The exact value, every way you need it

A Unix timestamp is a single integer: the count of seconds elapsed since the Unix epoch (midnight UTC on January 1, 1970), ignoring leap seconds. The value 2,147,483,647 seconds is the same instant as 2,147,483,647,000 milliseconds — the form most programming languages expect, since JavaScript, Java, and many databases store time in milliseconds. Written out in full it is Tuesday, January 19, 2038 at 03:14:07 UTC, which is a Tuesday. In the two most common machine-readable formats it is 2038-01-19T03:14:07Z (ISO 8601) and Tue, 19 Jan 2038 03:14:07 +0000 (RFC 2822). All of these describe one and the same moment in time; they differ only in notation.

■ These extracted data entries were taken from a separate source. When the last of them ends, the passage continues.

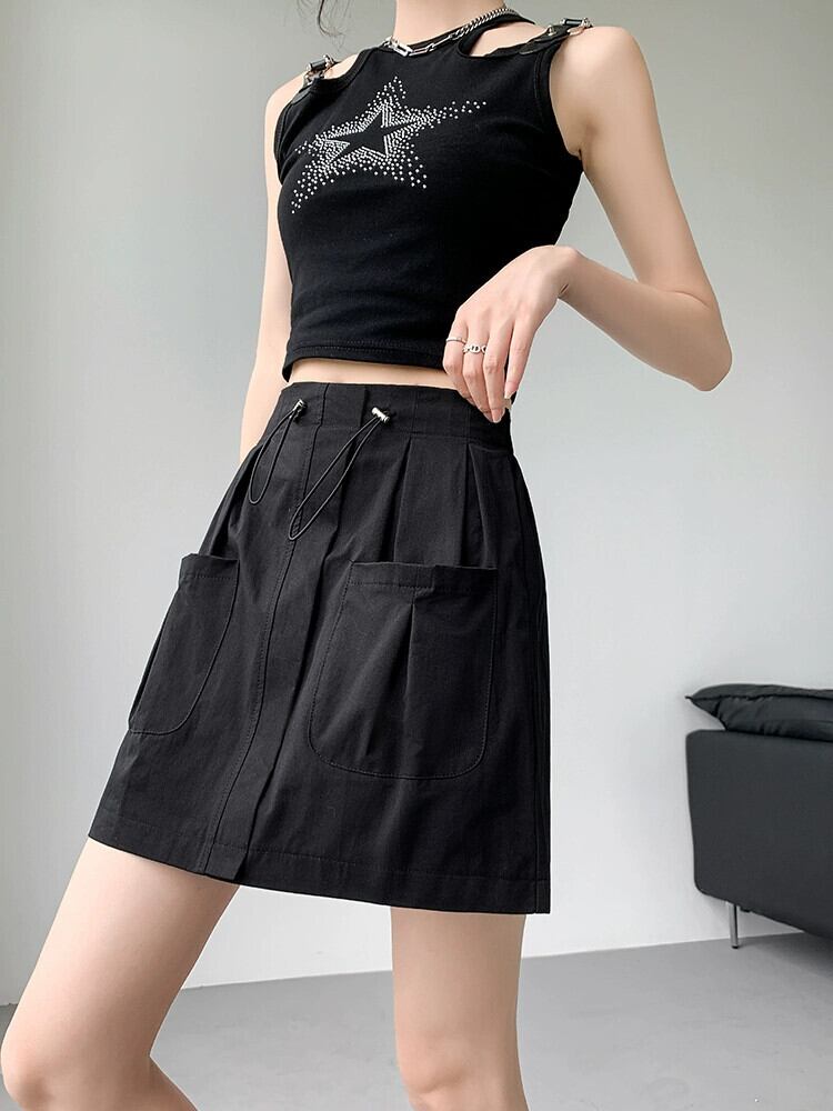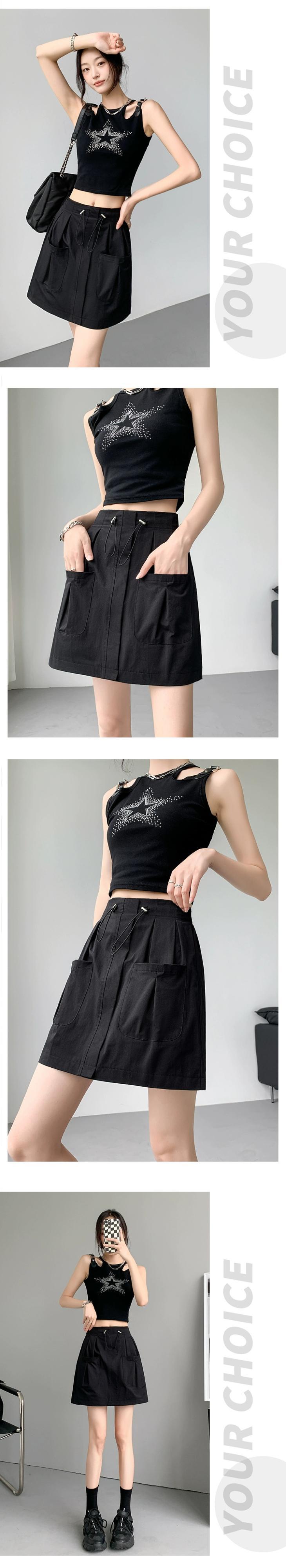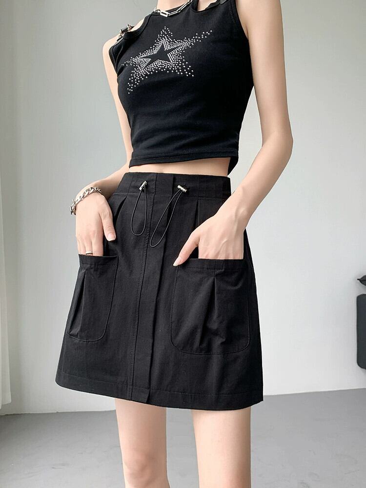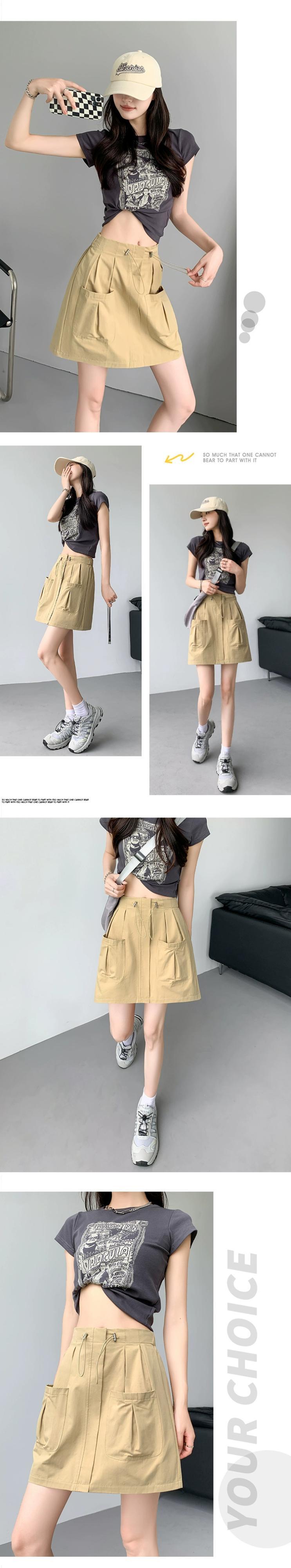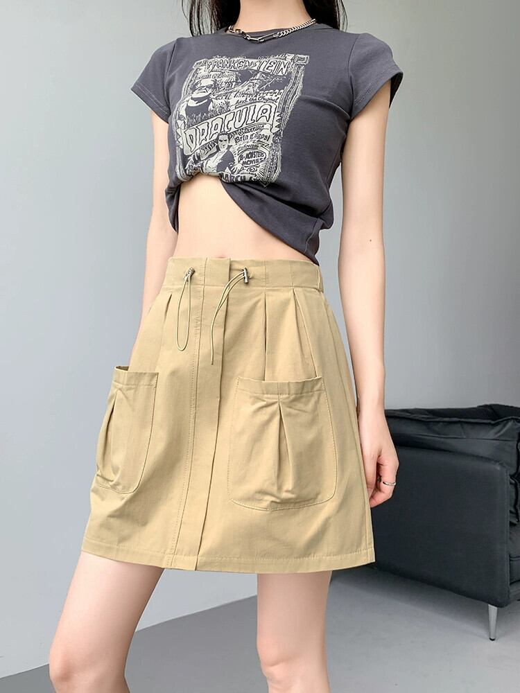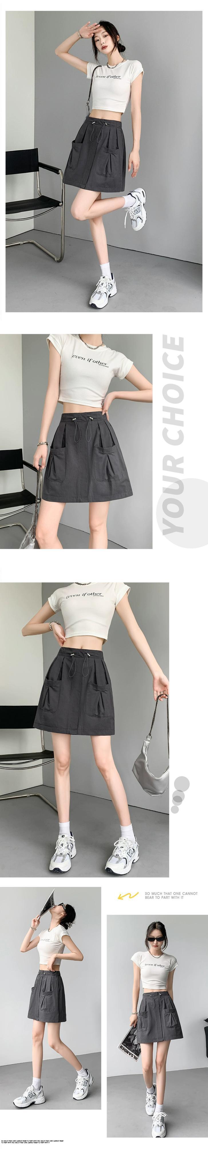 A ライン作業服スカート女性 2023 新しい夏のスリムで多用途な小さな露出防止弾性ハイウエストショートスカート エラスティック 伸縮 サマー 夏物 Aライン 7460033002356614 | framboise21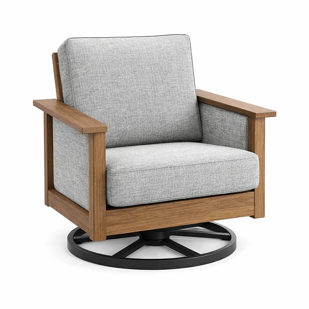 Dimensioni: Lunghezza 80 cm, Larghezza 75 cm, Altezza 90 cm. La poltrona ha una funzione girevole a 360 gradi ed è progettata per uso interno. Peso massimo supportato: 120 kg.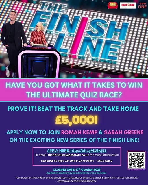 Hosted by Roman Kemp and Sarah Greene, The Finish Line combines quick thinking, general knowledge and fast-paced gameplay, offering contestants the chance to win up to £5,000. Producers are encouraging lively and fun individuals who love a challenge to apply now for their shot at TV quiz show fame.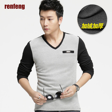 秋冬装新款加绒打底衫 男士保暖内衣加绒加厚V领长袖T恤男装潮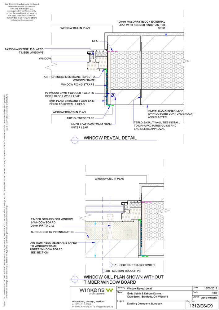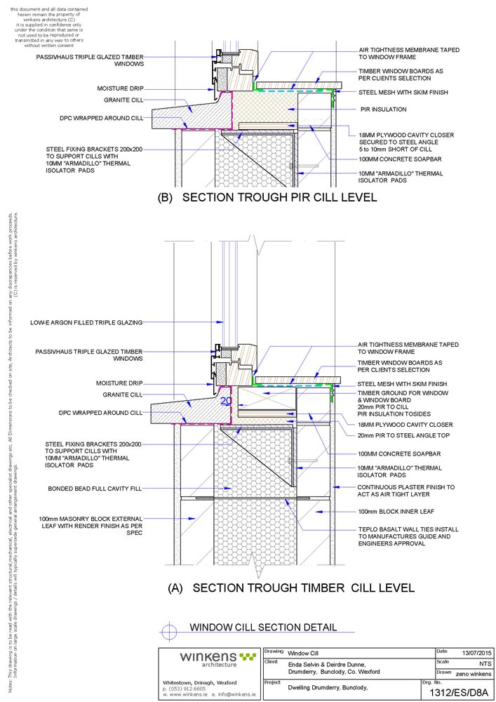 Thermal bridging: Mix of Irish ACDs, Quinn Lite certified details and bespoke details. First two courses of Quinn Lite blocks to inner leaf, low thermal conductivity TeploTie cavity wall ties. Calculated Y-factor (W/m2K): 0.019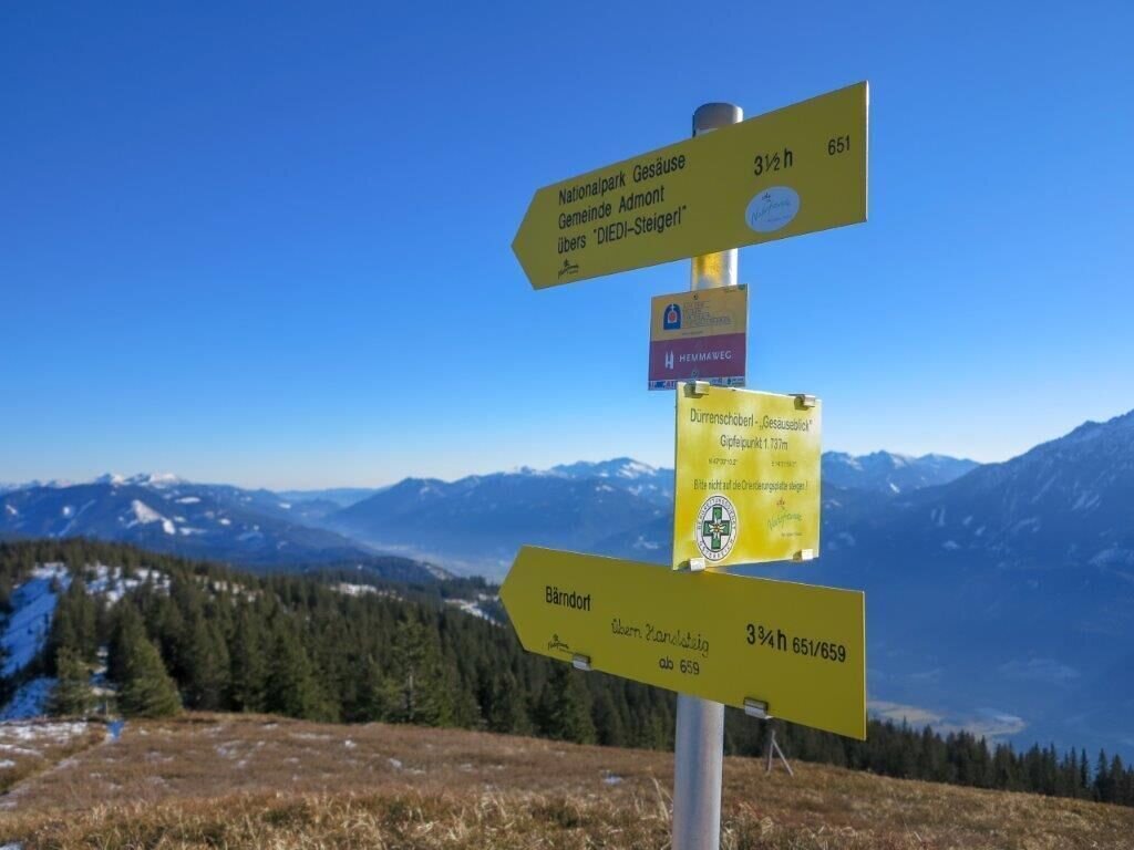 We hike along trail no. 651 from Schloss Röthelstein via Hubereck and Spießkogel to the Dürrenschöberl – a stunning panoramic peak overlooking the Enns Valley and surrounding mountain ranges.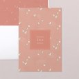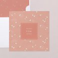 Op dit geboortekaartje Ganzenvlucht vliegen witte vogeltjes met uitgestrekte vleugels in perziktinten. Dit sierlijke, elegante ontwerp zal op poëtische wijze de komst van jullie kindje aankondigen.
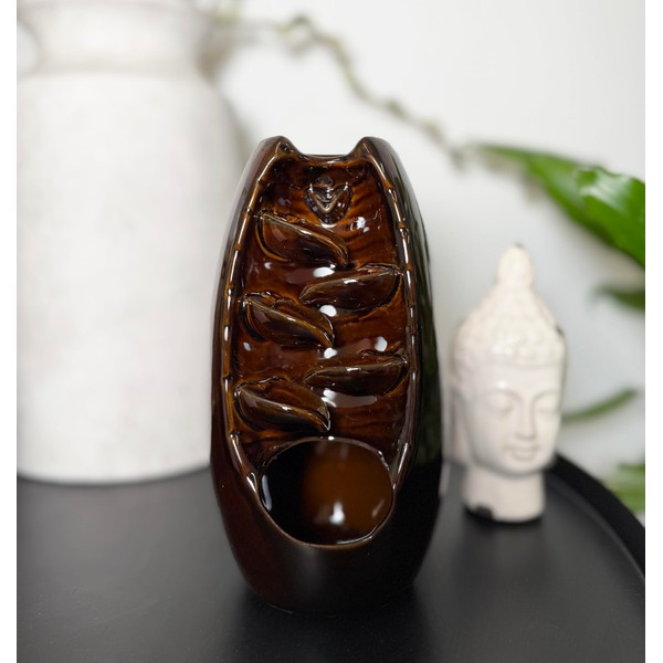 - DESIGN: Elegant ceramic waterfall-style backflow incense burner with a sophisticated brown glazed finish and sculptural aesthetic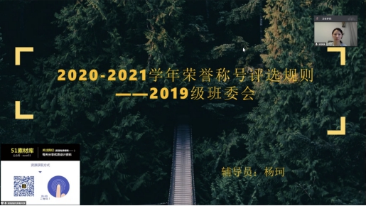 建筑与设计学院“2020-2021学年荣誉称号评选规则——2019级班委会”指导会议以线上会议顺利召开。此次指导会由研2019级辅导员杨珂老师主持,2019级研究生全体班委参加了此次会议。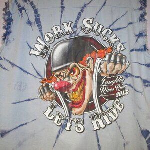 Biker DENIM Sleeveless Size XL SHIRT Button Down POCKETS Let's Ride RIVER RUN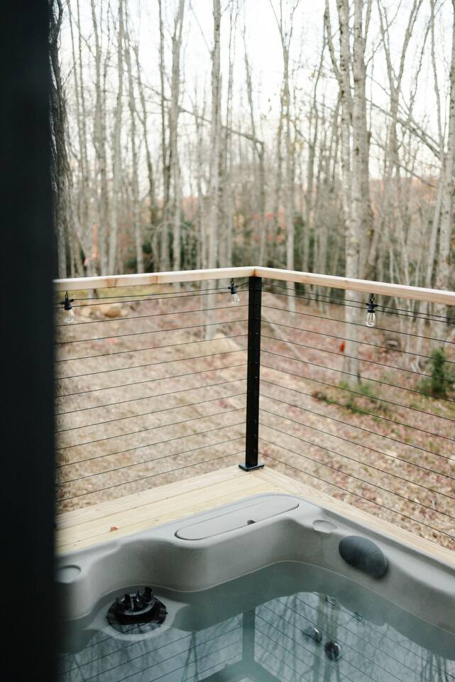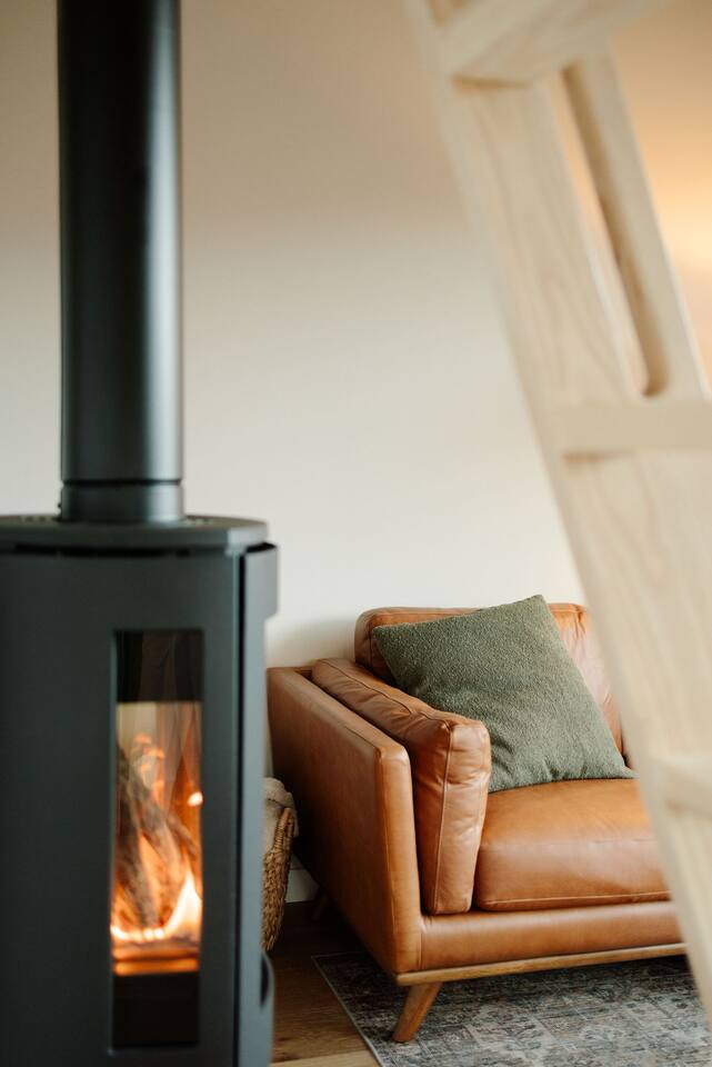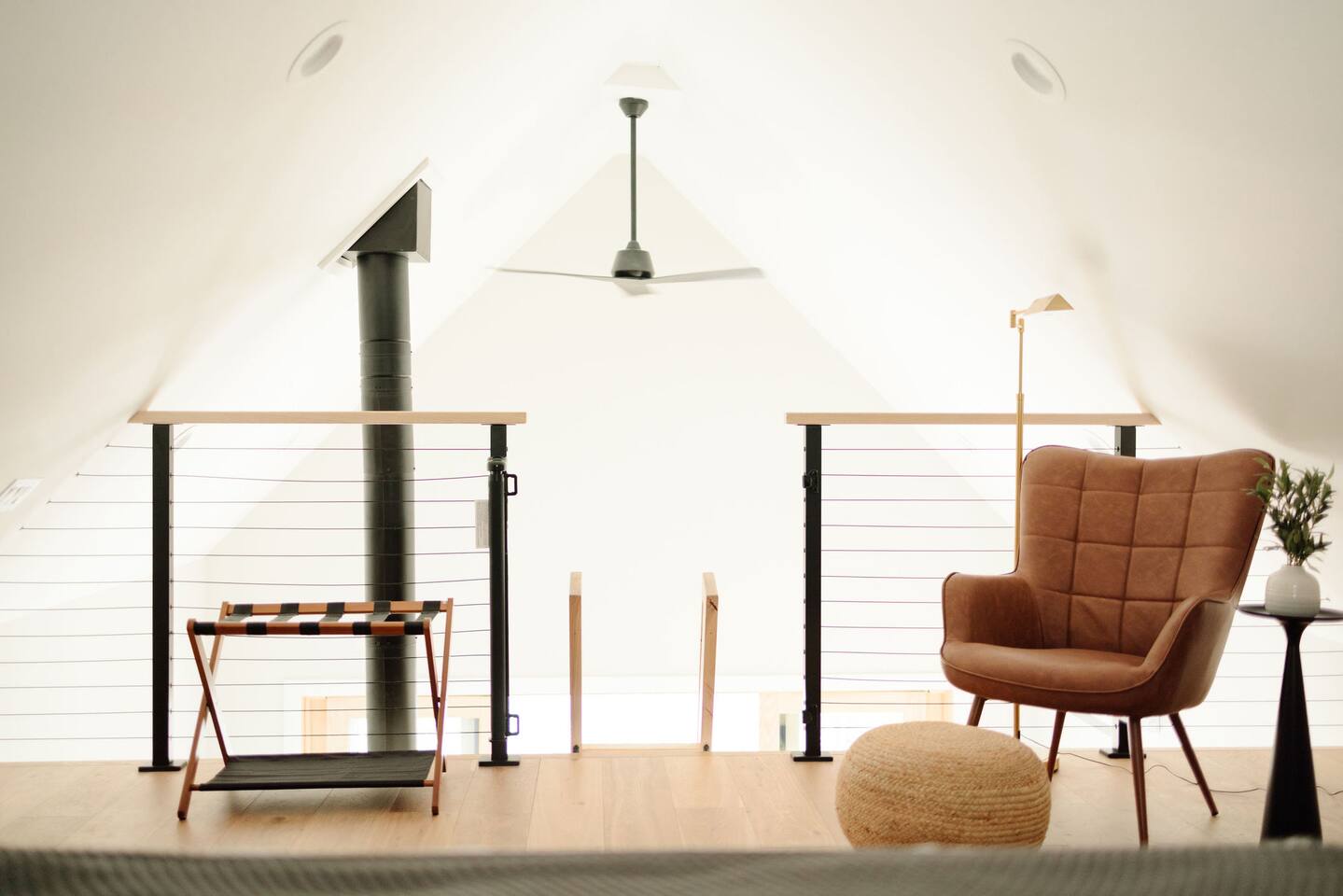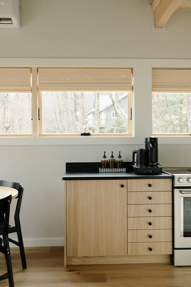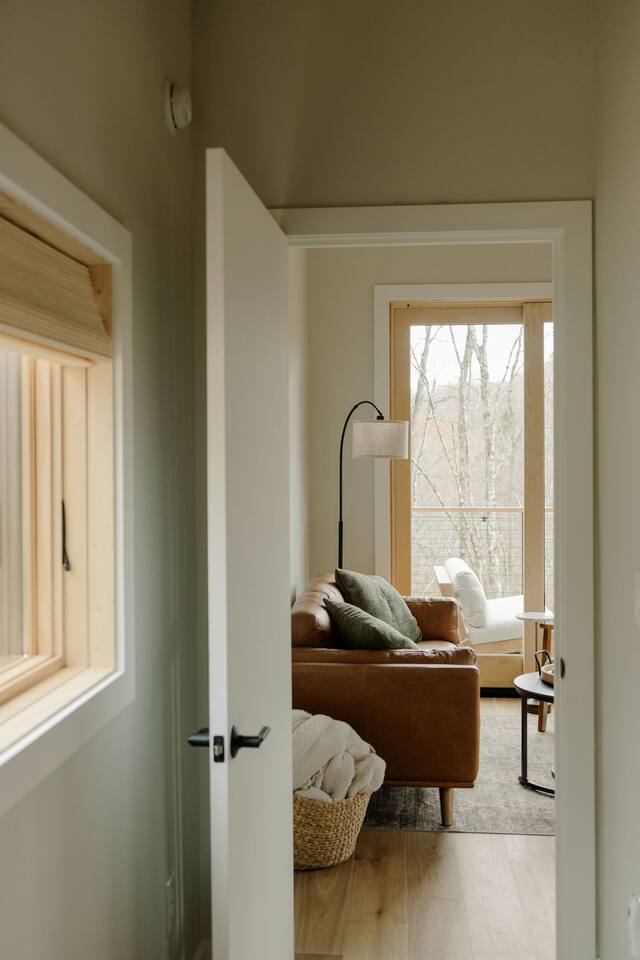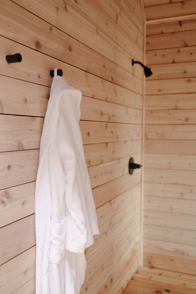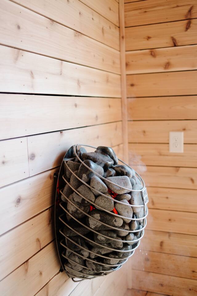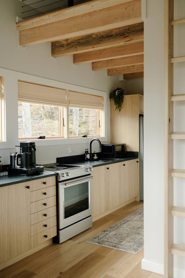 LIVING ROOM: The cozy living room with large, surrounding windows bring the feeling of outdoors inside with a direct entrance onto the back deck, sauna house & heated spa. Enjoy the modern wood stove from the leather couch while you drink a glass of wine or read a book from our small selection. Utilize our portable battery powered TV to stream on a platform of your choice - such as Amazon, Netflix, Hulu, Peacock, etc. Please bring your own logins and passwords. Finally, enjoy a delicious meal or work a puzzle at our dining table which comfortably seats four. KITCHEN: You’ll find the kitchen to be fully stocked with non-toxic cooking utensils and appliances including: • Full size range & oven • Full size fridge & freezer • Microwave, instant pot, toaster & blender • Olive oil, salt, pepper • Grill utensils + fire roasting sticks • Nespresso machine with milk frother, stocked with pods featuring multiple roast profiles and organic syrups • Stove top kettle with a small selection of organic tea *please note there is no dishwasher* BEDROOM: The downstairs Bedroom: features an organic queen size mattress with luxury, organic sheets, pillows and duvet. You’ll also find robes for each season in the closet for your enjoyment. LOFT: The upstairs loft boasts an organic king size mattress with the same luxurious, organic sheets, pillows and duvet. You’ll stay comfortable in this space year round with a portable heater and fan. Be sure to explore the shelves to find games, puzzles and kid friendly activities. OUTDOOR SPACE: The back deck features seating for four around a concrete fire pit, a propane grill, a sunken hot tub & sauna house complete with a shower.

How to convert 2147483647 in code

Turning this timestamp into a human-readable date takes a single expression in most languages. In JavaScript, remember to multiply by 1000 because Date works in milliseconds: new Date(2147483647 * 1000).toUTCString(). Here are the equivalents in three common environments:

// JavaScript
const ts = 2147483647;
const date = new Date(ts * 1000);   // JS uses milliseconds
console.log(date.toUTCString());    // Tue, 19 Jan 2038 03:14:07 GMT
console.log(date.toISOString());    // 2038-01-19T03:14:07Z
# Python 3
from datetime import datetime, timezone
ts = 2147483647
print(datetime.fromtimestamp(ts, tz=timezone.utc))
# 2038-01-19 03:14:07+00:00
# Bash / GNU date
date -u -d @2147483647
# Tue, 19 Jan 2038 03:14:07 UTC

# macOS / BSD date
date -u -r 2147483647

If you would rather not write code at all, the Epoch Converter is pre-loaded with 2147483647 so you can see it converted instantly and tweak the value live.

How long ago (or how far away) is it?

The headline near the top of this page updates every time you load it, computing the gap between 2147483647 and your current clock in real time so it never goes stale. To measure the span between this timestamp and any other date precisely — in years, months, weeks, days, or business days — use the Date Duration Calculator. To watch a future moment tick down second by second, the Countdown Timer can target this exact instant.

Why timestamps matter

Storing time as a plain integer of seconds is wonderfully unambiguous: there is no time zone, no daylight saving, and no locale to misinterpret. Two servers anywhere on Earth agree on what 2147483647 means. That is why logs, databases, JWTs, file metadata, and APIs lean on Unix time so heavily. The trade-off is that the number is not human-friendly at a glance — which is exactly the gap a reference like this page fills.